There are many reasons not to elect Hillary Clinton President besides the fact that her election could result in the collapse of Western Civilization as we know it. There is also a very important humanitarian consideration. Electing Hillary Clinton President could kill David Broder.
Washington Post columnist David Broder is 78 years old and I just don't think he could survive Hillary's being elected President. Broder hates the Clintons with a passion; in fact, it's the only thing he does do with a passion. "He came in here and he trashed the place and it's not his place," Broder once said of the way Bill Clinton treated Washington, which Broder bought years ago when real estate was cheap. But he was younger then and it didn't matter so much if he got himself all worked up and raised his blood pressure. Now it could be fatal.

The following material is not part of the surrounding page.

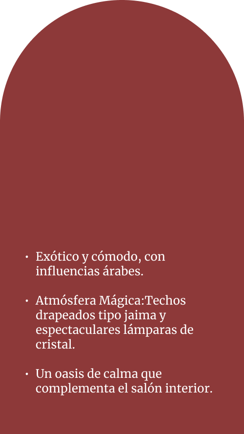 Adentrarse en el Salón Mozárabe es viajar a un lugar mágico. Sus altos techos, elegantemente drapeados a modo de jaima, y sus espectaculares lámparas de cristal crean un ambiente de hechizo y sofisticación. Es un espacio envolvente, perfecto para eventos que buscan una atmósfera íntima y con un carácter muy especial.

Today, Broder wrote yet another column about the marriage of Bill and Hillary Clinton, less than a week after he promised that he wouldn't in an online chat. "Will you and the media ever apply as much scrutiny to the Giuliani marriages as you have done to the single Clinton marriage?" someone had asked him during the chat and he replied, "I plan to leave both subjects alone." I know that old people can sometimes be a little forgetful so it's possible that he didn't remember saying that. But I think it's also possible that he just can't help it. I think for days he tried to resist discussing the Clintons' marriage in disparaging terms but in the end his hatred of them was too strong. Now, I'm very worried that Broder won't be able to make it through four years of yelling at Hillary to get off his lawn without hurting himself.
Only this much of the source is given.